Buenos Aires/Prensa Latina
Despite a strong police operation, students, professors and members of social and left-wing organizations arrived near the Argentine Congress to reject President Javier Milei’s veto of a university financing law.
Meanwhile, inside the legislative headquarters, the Chamber of Deputies analyzes whether to support or reject the appeal presented by the head of state.
During the debate, the representative of the Radical Civic Union Carla Carrizo rejected the veto and recalled that said body is made up of 257 members, of which 148 are graduates of public universities.
For his part, the deputy of Unión por la Patria Leandro Santoro urged to defend education and denounced the cuts to pensions, the intention to pay university fees, the defunding of health and the end of public works.
The university is one of the few tools for upward social mobility that we have. Stop destroying what works well, he asserted.

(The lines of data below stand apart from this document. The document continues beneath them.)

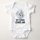 Ce produit est un body super mignon pour bébé ! Il présente un design adorable avec un paresseux, une fleur et un raton laveur ainsi que les mots "My Yiayia Loves Me" - parfait pour votre petit-enfant, petit-fils ou petite-fille ! Ce body fait un excellent cadeau pour n'importe quelle occasion - anniversaire, Noël, Hanoukka, Kwanzaa, Pâques, fête des grands-parents, Nouvel An, shower de bébé ou simplement pour le plaisir ! C'est également un excellent body pour annoncer une grossesse !
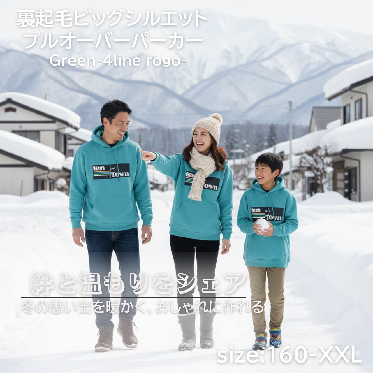 TDT【4lineロゴプリント】裏起毛 ビックシルエットプルオーバーパーカー グリーン
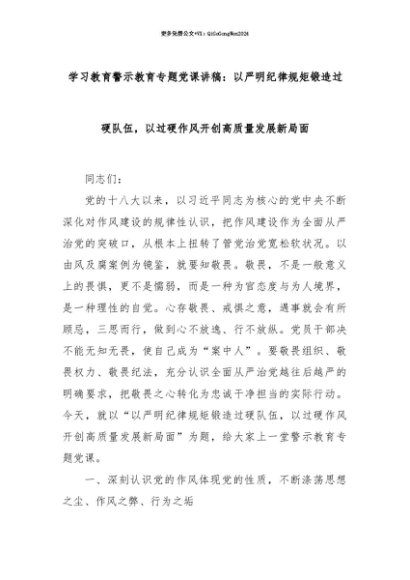 【七哥公文】2025年:【七哥公文】学习教育警示教育专题党课讲稿:以严明纪律规矩锻造过硬队伍,以过硬作风开创高质量发展新局面+更多免费公文+VX:QiGeGongWen2024+更多免费公文+VX:QiGeGongWen2024
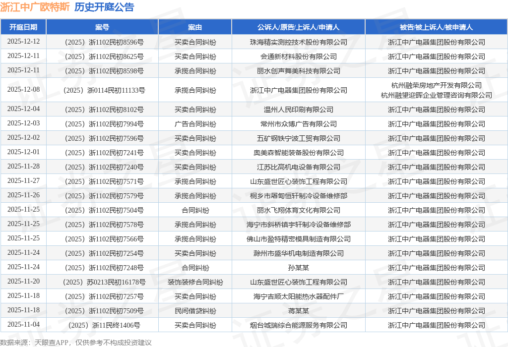案号:(2025)浙1102民初8596号根据统计,近一年内以浙江中广电器集团股份有限公司为当事人的历史开庭公告有45则,其中案由为“买卖合同纠纷”的公告以20则居首,其次为“承揽合同纠纷”有17则,“合同纠纷”有3则。历史开庭公告(前20条)如下:
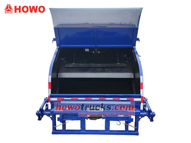 De afvalbak is gemaakt van zeer sterk, weerbestendig staalplaat, met zijpanelen die door middel van een eendelig spuitgietproces zijn vervaardigd. Het compartiment sluit uitstekend af, waardoor lekkage van afvalwater en verspreiding van geuren wordt voorkomen. Dit maakt de afvalbak milieuvriendelijk en efficiënt. Howo vuilniswagen met achterverdichting Het is geschikt voor de centrale inzameling en het transport van huishoudelijk afval in steden, woonwijken, fabrieken en andere locaties. Het is eenvoudig te bedienen, veilig en betrouwbaar.

In a letter, the rector of the University of Buenos Aires (UBA), Ricardo Gelpi, asked Congress to insist on the sanction of the law and assured that “the public university system of Argentina is unique in the world because it combines massiveness, academic excellence and unrestricted entry.”
The UBA has long been part of the elite one percent of centers of its type around the world. Sustaining quality standards requires sustained investment and the commitment of all governments, he noted.
Education is the main bet for a better future. Honor your place and vote to ratify regulations that ensure the existence of the university. A historic responsibility is in their hands, he concluded.